▶ _WORK ORDER_:
The material below is to be copied exactly from the line with "East Side, West" up to and including the line with "The game room", with nothing else kept and no pictures.

▶ _SOURCE MATERIAL_:
== Segment start ==

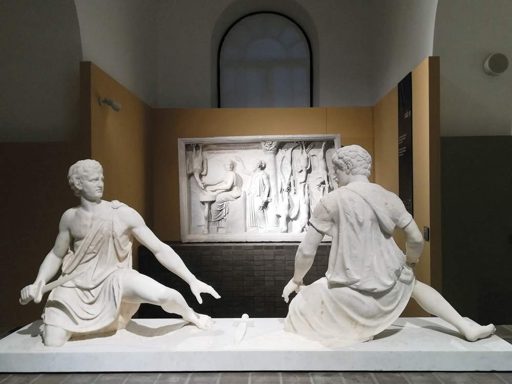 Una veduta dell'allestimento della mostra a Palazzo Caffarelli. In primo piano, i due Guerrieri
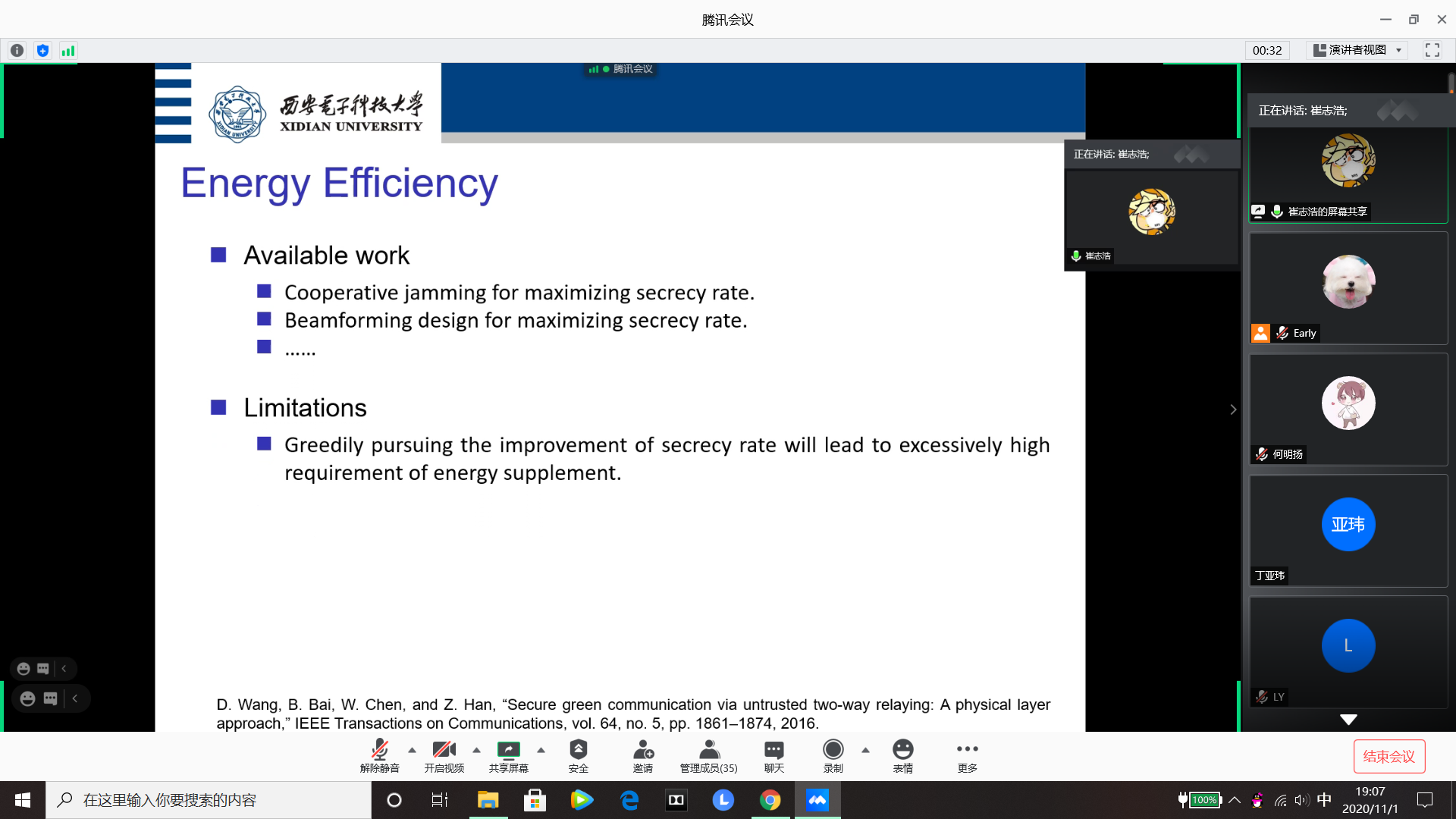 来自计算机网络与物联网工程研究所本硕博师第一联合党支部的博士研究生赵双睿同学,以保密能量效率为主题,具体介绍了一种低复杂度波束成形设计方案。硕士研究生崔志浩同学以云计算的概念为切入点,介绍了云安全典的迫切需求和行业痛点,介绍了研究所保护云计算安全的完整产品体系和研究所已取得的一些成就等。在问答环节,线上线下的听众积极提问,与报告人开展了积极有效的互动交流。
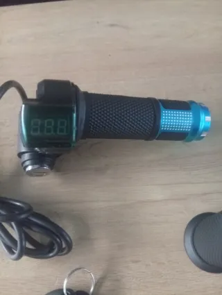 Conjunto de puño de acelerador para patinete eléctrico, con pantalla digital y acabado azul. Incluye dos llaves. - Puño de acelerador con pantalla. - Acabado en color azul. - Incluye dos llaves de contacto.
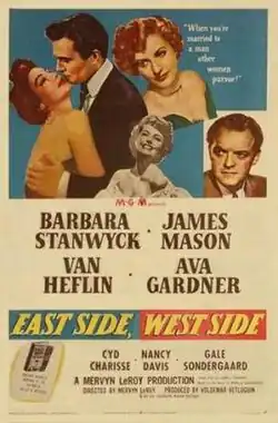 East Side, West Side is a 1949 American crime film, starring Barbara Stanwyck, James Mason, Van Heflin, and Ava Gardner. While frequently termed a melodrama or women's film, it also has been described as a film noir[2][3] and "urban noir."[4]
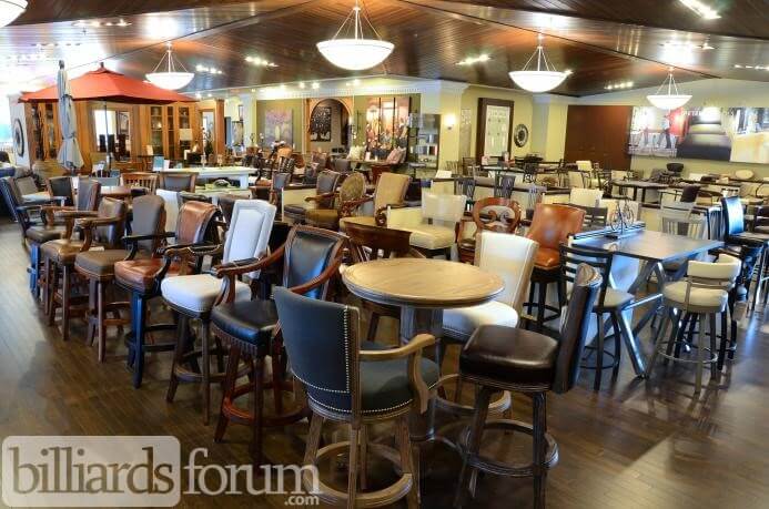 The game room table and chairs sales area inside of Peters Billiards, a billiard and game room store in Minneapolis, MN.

== Segment end ==
== Segment start ==

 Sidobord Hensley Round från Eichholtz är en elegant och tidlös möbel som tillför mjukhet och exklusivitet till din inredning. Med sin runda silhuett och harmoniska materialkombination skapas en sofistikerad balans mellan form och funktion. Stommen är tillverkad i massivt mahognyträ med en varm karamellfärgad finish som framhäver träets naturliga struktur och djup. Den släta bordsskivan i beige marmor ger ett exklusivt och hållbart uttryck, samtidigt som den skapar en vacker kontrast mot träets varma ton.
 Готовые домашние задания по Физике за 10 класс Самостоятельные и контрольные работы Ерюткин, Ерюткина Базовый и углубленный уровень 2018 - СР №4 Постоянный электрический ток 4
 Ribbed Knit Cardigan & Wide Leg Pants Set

== Segment end ==

▶ _ANSWER FOR THIS EXERCISE_:
 East Side, West Side is a 1949 American crime film, starring Barbara Stanwyck, James Mason, Van Heflin, and Ava Gardner. While frequently termed a melodrama or women's film, it also has been described as a film noir[2][3] and "urban noir."[4]
 The game room table and chairs sales area inside of Peters Billiards, a billiard and game room store in Minneapolis, MN.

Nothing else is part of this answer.